I agree. I have two that I use for my coin hobby. These things are not that expensive, so it's really worth dropping a few dollars just to check and make accurate adjustments.
 
Yeah, I didn't buy the one that's advertised as being for a turntable, I just bought a simple 8 dollar one, but it works great.

It's interesting how a cartridge/stylus sounds different at different tracking weights.
 
Just got one from that site for 6 bucks. Anxious to see how accurate these old tables still are.
 
The tracking weight isn't determined by the turntable, it's determined by the cartridge/stylus combination. I agree, cheapie digital scales are great and mine is dead accurate when checked with lab calibration weights.
 
The tracking weight isn't determined by the turntable, it's determined by the cartridge/stylus combination. I agree, cheapie digital scales are great and mine is dead accurate when checked with lab calibration weights.

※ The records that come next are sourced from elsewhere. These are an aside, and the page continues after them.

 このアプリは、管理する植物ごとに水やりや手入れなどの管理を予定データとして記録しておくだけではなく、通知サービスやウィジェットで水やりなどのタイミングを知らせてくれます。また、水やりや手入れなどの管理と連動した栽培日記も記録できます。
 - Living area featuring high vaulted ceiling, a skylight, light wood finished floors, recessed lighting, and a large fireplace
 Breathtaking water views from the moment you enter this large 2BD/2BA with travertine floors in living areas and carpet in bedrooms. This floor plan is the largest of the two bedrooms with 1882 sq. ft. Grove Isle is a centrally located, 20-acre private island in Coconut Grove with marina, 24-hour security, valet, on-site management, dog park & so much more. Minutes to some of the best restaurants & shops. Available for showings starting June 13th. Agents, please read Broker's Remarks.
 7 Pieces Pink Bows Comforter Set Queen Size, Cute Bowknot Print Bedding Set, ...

Yeah, you're right. What I should have said was how accurate my cart/stylus are in relation to the weights. Good call.
 
Now now, you've should've plopped out the additional $50 for an audiophile grade scale. You've never get the blacker backgrounds and the veil lifting with a sub $10 item. :)

I've got two of them. One I bought on amazon for about $10 and one was included with my VPI Scout 1.1.

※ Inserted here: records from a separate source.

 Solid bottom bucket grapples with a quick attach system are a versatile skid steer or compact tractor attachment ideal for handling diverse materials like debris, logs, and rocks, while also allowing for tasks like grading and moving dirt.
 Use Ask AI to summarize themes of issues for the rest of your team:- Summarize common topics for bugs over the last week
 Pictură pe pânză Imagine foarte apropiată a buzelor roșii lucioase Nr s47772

I do like the one that I got with the VPI better. The weighing surface is closer to where the record height would be, which will give you a more accurate reading.
 
Now now, you've should've plopped out the additional $50 for an audiophile grade scale. You've never get the blacker backgrounds and the veil lifting with a sub $10 item. :)

I've got two of them. One I bought on amazon for about $10 and one was included with my VPI Scout 1.1.

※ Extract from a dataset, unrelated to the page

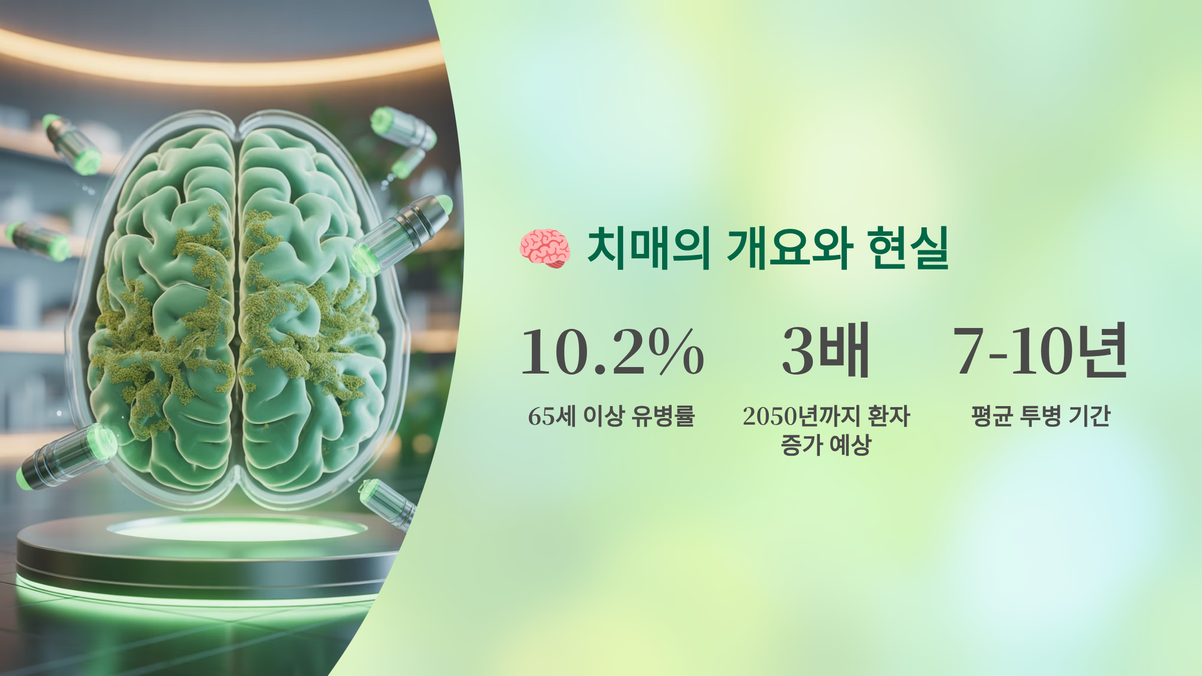 2025년 기준 국내 65세 이상 인구는 약 1,000만 명으로 추정되며, 그중 약 100만 명이 치매를 앓고 있어요. 게다가 초기 증상을 놓치기 쉬워 적절한 시기에 치료를 받지 못하는 경우도 많아요.
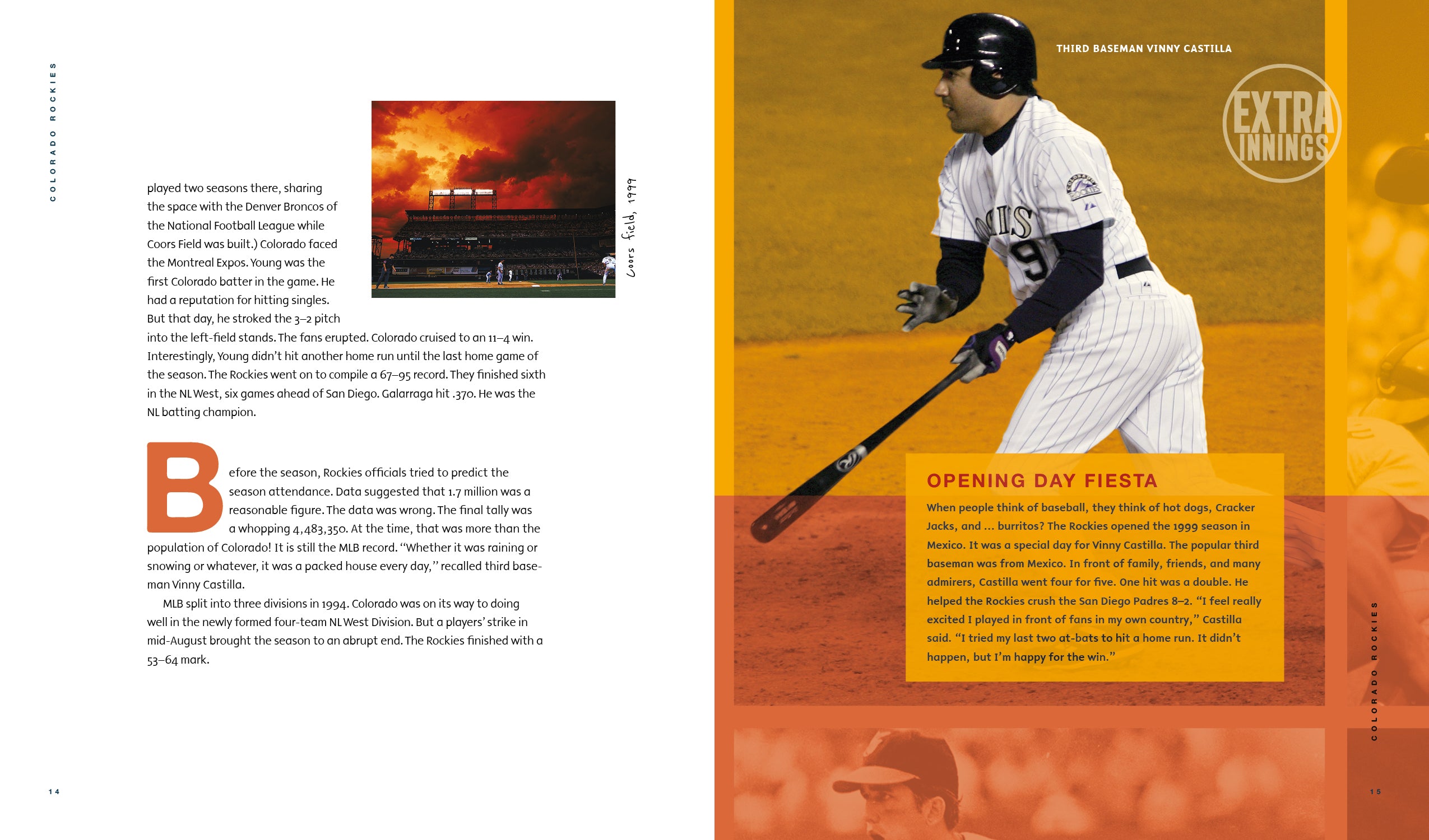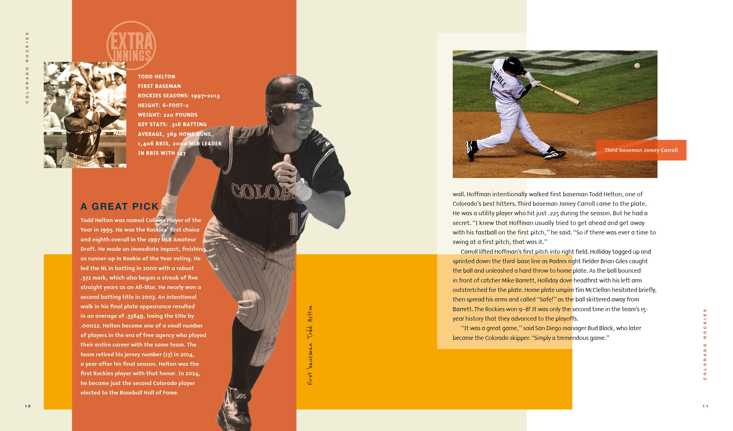 Journey with the Colorado Rockies team through their highs and lows in Major League Baseball from their formation in 1993 to current seasons, including their notable 2007 playoff run. Written for middle-grade sports fans, this book highlights memorable moments, including their first home game, playoff appearances, and individual achievements. Notable players like Todd Helton, Larry Walker, and Troy Tulowitzki are featured. Despite the challenges of playing at Coors Field and the team's recent struggles, the Rockies have maintained a resilient spirit. Includes table of contents, sidebars, and index.

I do like the one that I got with the VPI better. The weighing surface is closer to where the record height would be, which will give you a more accurate reading.

Funny!

Couldn't that be fixed with a block of wood or something? Just asking.
 
I bought one of these and they are great! I also used it to shed 20 pounds! I went straight into the next meal by the time I finished weighting all of the peas and corn kernels.
 
Most of the scales on the counterweight are not overly accurate. They are "calibrated" for some specific weight of cartridge. If what yours weighs is not the same as whatever was used to set that scale up, its going to be off one way or the other. THey're used more as an estimation than anything else. They're usually close enough to get you somewhere within the reccomended tracking force range, but thats about it.
 
The tracking weight isn't determined by the turntable, it's determined by the cartridge/stylus combination. I agree, cheapie digital scales are great and mine is dead accurate when checked with lab calibration weights.

BTW a dollar bill weighs precisely 1 gram

The weighing surface is closer to where the record height would be, which will give you a more accurate reading.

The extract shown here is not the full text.